“I’m just saying! ‘New Tea, New Me. Numi.’ It’s got rhymes, alliteration, and word play. I’d buy it just for that slogan.”
This ingenious conversation is just one snippet of the many memories I have from my freshman year of college, seated with my friends in the Rachel Carson/Oakes Dining Hall, enjoying our 10:45 p.m. Numi-brand tea.
It was my favorite weekday ritual for a quarter and a half, until it ended abruptly in March 2020.
Three years later, my graduation from UC Santa Cruz is staring me right in my still-masked face.
The pandemic changed access to material resources and to enriching experiences on a local to global level, but I’ve felt it lingering most in my access to my deepest sense of self.
At my core, I am lively; I enjoy the outdoors and playing sports and games of all kinds. I love to create art of all kinds. But, there has never been anything more important to me than spending time with people.
I’ve had the privilege of enjoying a life filled with belly-laughs and love, and it was from these intimacies that I always sourced most of my energy.
Culinary spaces can be especially intimate. Dining halls, restaurants, kitchens. You can put your senses to heightened use in a kitchen. “What smells so good?” *Sizzle* “Well, I heard she went…” *Chop-chop-chop* “My uncle always adds a tablespoon of…” Food gives people something to talk over, to delight in, and to learn through. All my favorite things rolled into one.
So, when I developed a chronic illness that restricted what I could eat and increased my risk of disease complications, the pandemic proved to be the straw that broke the camel’s back.
My relationship with illness, both acquired and potential, has shifted constantly these past few years, but I’ve always had to remain more cautious than most of my young and seemingly invincible peers.
I can’t hang.
Physical exertion comes on more quickly, it’s nearly impossible to find food I can safely eat when I’m out and about, and I am the only person wearing a mask in most classes. Even if I push myself into spending time around people, I’m rarely able to relax and be myself. I’m left asking, who even is that self?
I realized I had to dig a little deeper to find out.
We are bound to lose access to some things, whether that be with age or societal circumstance. I just didn’t know I could lose access to people. Through this, I’ve learned how much my sense of self relied on others, in both natural and admittedly unhealthy ways.
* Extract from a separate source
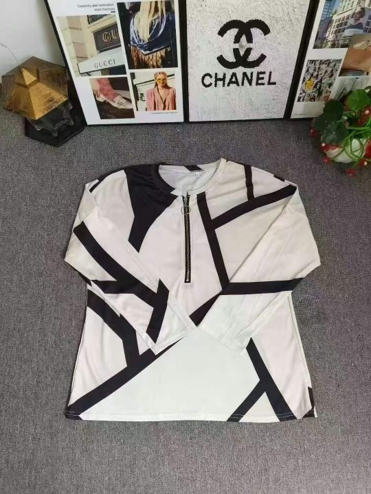 欧美外贸款时尚印花领口拉链宽松长袖 数量930件左右 码数S--5XL 整款四个色 独立拉链包装 货品干净整洁

There is great distress in reckoning with unhealthy dependence, while grappling with the loss of healthy and nourishing attachments. And I wasn’t asking for much. I could live without parties, I just wanted to share a meal with people I love. What do you do when your most basic of experiences have to look different?
Okay, I had to dig a lot deeper.
There’s a piece of me (my conscience, my higher-self, intuition, whatever you believe in) that comforts me in moments of great exhaustion, in periods of prolonged anxiety. She is calm and strong, sees with pronounced clarity, and acts with exceptional love for me and others.
The rest of me is too often preoccupied and stressed these days, mourning the time in my life where I felt abundant certainty and safety, the time I may never see returned to me. More and more, though, that brave and hopeful piece of me makes her voice heard.
I’m learning to do things that scare me. I’m learning to fail. I’m learning to adjust what success looks like. I’m learning to be more vulnerable. I’m learning to listen. I’m learning to reach my goals in completely new ways.
It’s about getting to the nugget of what fulfills me. How can I find the rush of a packed party on a long walk? Or the giddiness of ice cream in my midnight oatmeal? How do I find the fun in quiet moments as well as boisterous ones, and intimacy in experiences both solo and accompanied?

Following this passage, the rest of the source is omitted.